Sep 13th, 2017, 04:04 PM

Home, Sweet Home

By Marly Phillips Nicol
Image Credit: Pixabay/Falkenpost
International students describe their idea of belonging and home.

Home is where the heart is... Everyone knows this prototypical phrase or one that makes a similar point, but does this sentiment actually carry any weight? Will this concept of "home" keep a roof over your head? Does it come with hot water and electricity? At the end of the day is home where the heart is? 

As the world inevitably moves towards a trend of globalization and as transportation becomes more available to more people, traveling is becoming increasingly easy. There is now a tendency for young people to move away from their family home into a more adventurous realm. Whether this takes them on a journey traveling around the world, placing them in Thailand for one year and then Australia for another, or whether this is simply a move from the farm to the city, a person's childhood home rarely remains their home for their entire life.

Now although the Oxford Dictionary has many definitions of the word home, the most applicable in this case is the very first definition: "The place where one lives permanently, especially as a member of a family or household." However, this definition seems fairly limiting when you begin to consider how people live in the modern era. For instance, one person may view home more as a state of mind, another may view it as a strait of land, and yet another a singular memory.

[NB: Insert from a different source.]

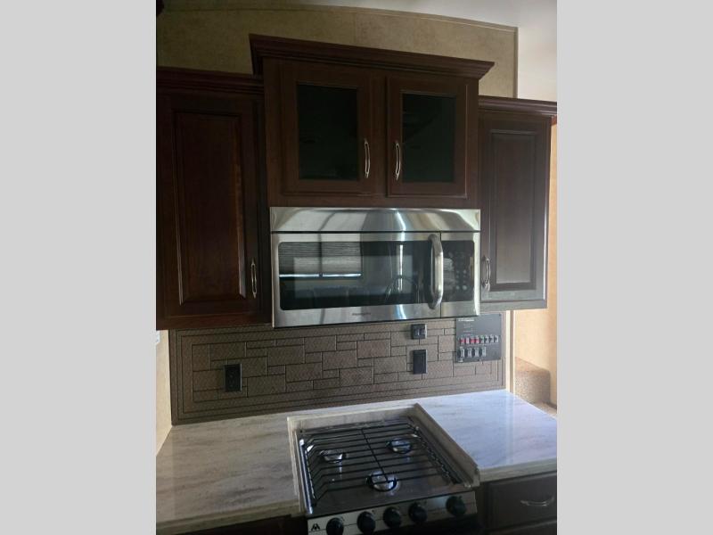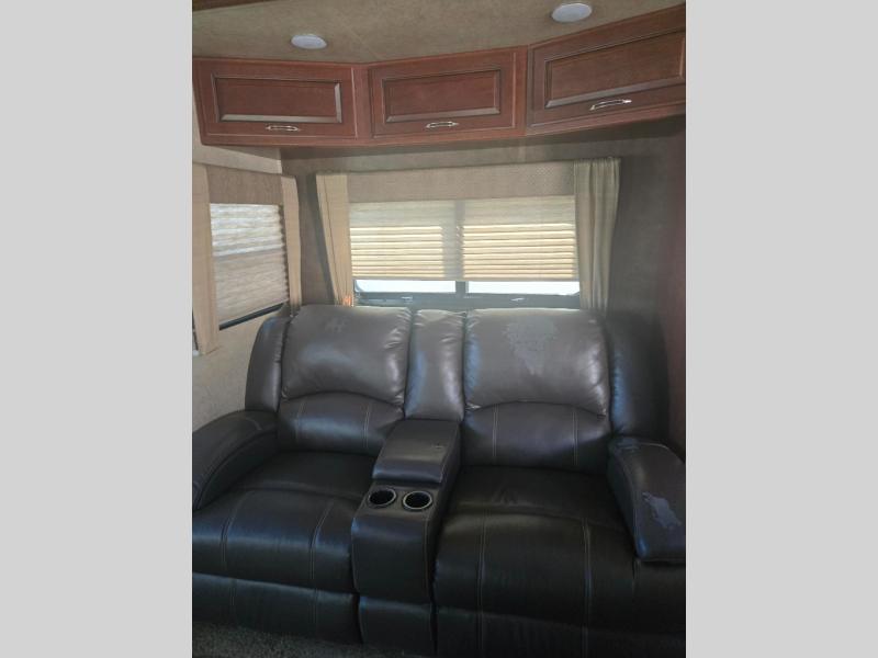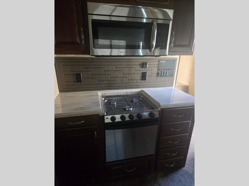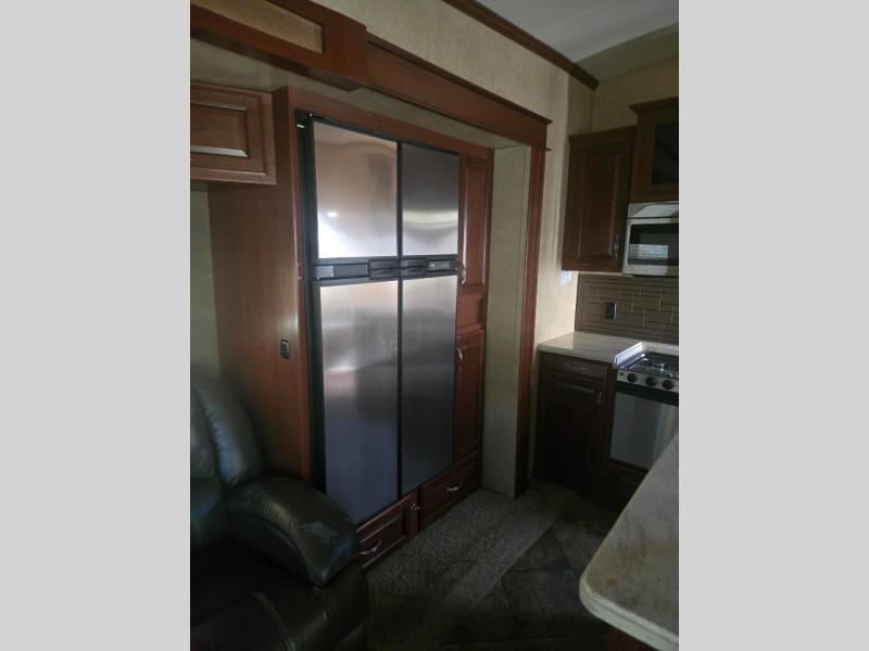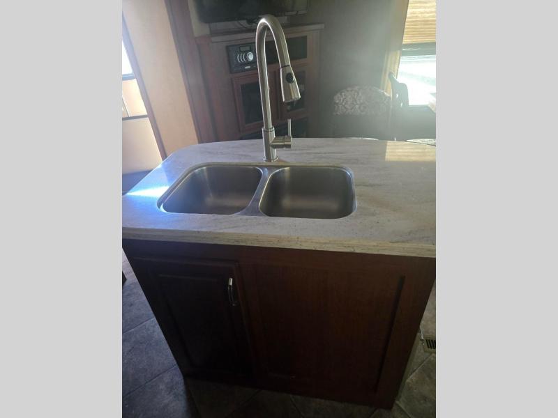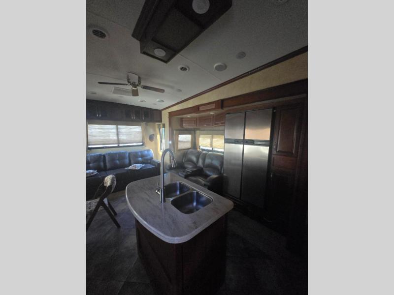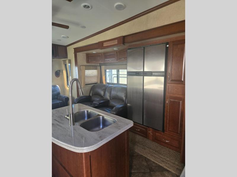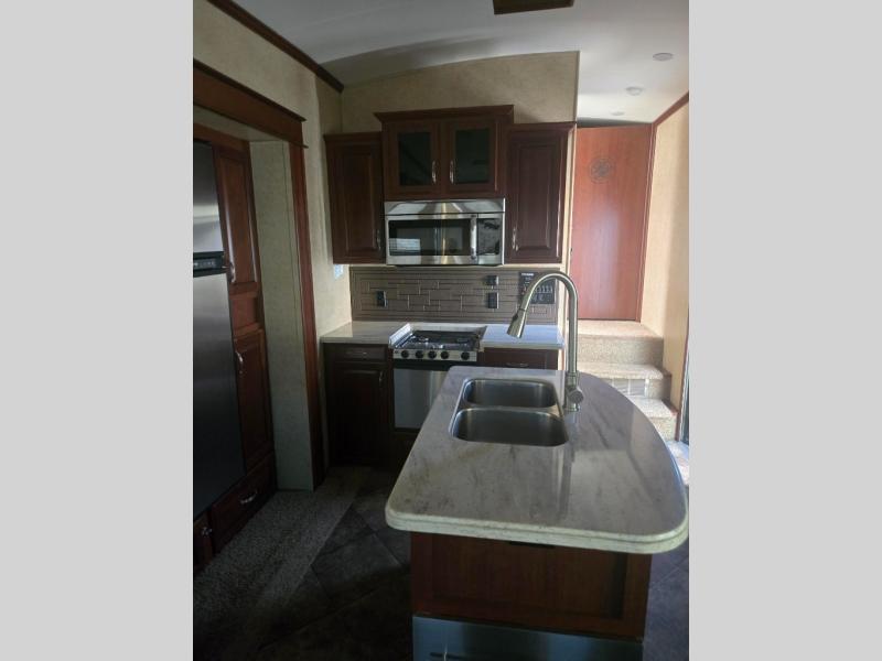 The 295RL Bay Hill fifth wheel by Evergreen offers a slide to the left of the entrance. The slide has an entertainment center with fireplace, and a free-standing table. The rear wall has a reclining sofa for you to relax on. There is also one more slide in the living/kitchen area that features theater seat, a refrigerator, and pantry. The kitchen island offers a bit more space with the kitchen sink located in the island. There is also more counter space that the stove is located on.

In an attempt to get a more rounded conclusion as to what the definition of home could be, I decided to interview a few students from the American University of Paris as to how they see their home


Image Credit: Wikimedia/Chris Vlachos

Although many students at AUP seem to be modern nomads, there does seem to be a running theme between some of the students I talked to while writing this article. For Indie Jansons, a sophomore at AUP, home is complicated. She has moved over ten times and lived in four different countries. However, she was eventually able to distill it down to, "where my parents were born which is Seattle because they were both born and raised there. So even though I’ve never actually lived there that’s where we go to see family. It’s the one place I’ve always returned to, everywhere else I live there and never go back." Similarly, another student named Marina Borges claimed, "Home, ultimately, will become the one person that I love. But today it’s my friends."

Friends, family, loved ones… The trend continues. When I originally approached Ali Beau Nielsen, he shifted the conversation when I asked him to define home, he stated: "Home, to me, is a mindset." Implying that there were no real ties to either a place or the people that inhabit it, but more a frame of mind that allows someone to feel at home wherever they are in the world and whoever they are with. However, as he explored the definition more throughout our interview it became clear that his perception of home was closely linked to his family. He stated, "My mother always quoted her father by saying that 'it’s the people that make a place.' So, wherever my closest friends and family are, that's where I consider home."

"It’s the one place I’ve always returned to, everywhere else I live there and never go back."

The one outlier that I came across was a sophomore student named Joachim Fernandez who claimed that his family was too spread apart for one place or one gathering of people to be considered home. Joachim has lived in more than three countries and in over ten houses, and although many of the places that he once lived he once considered home, they are no more. In his perspective, there is a more fluid view of home. He stated, "I consider home to be wherever I have made myself comfortable…  Where I decide to make my living and enjoy doing so at any given moment." No ties and no singular place, purely internal.

It's hard for human beings, as social creatures, to separate two things like home and loved ones. Everything around us seems to change so rapidly that the only thing we seem to be able to rely on is family or friends.  Although the idioms seem to be cheesy, it seems as though they hold some truth no matter where one comes from. There are those who disagree or are outliers, and they shouldn't worry. Home, at the end of the day, seems to be wherever or whatever you decide to make it.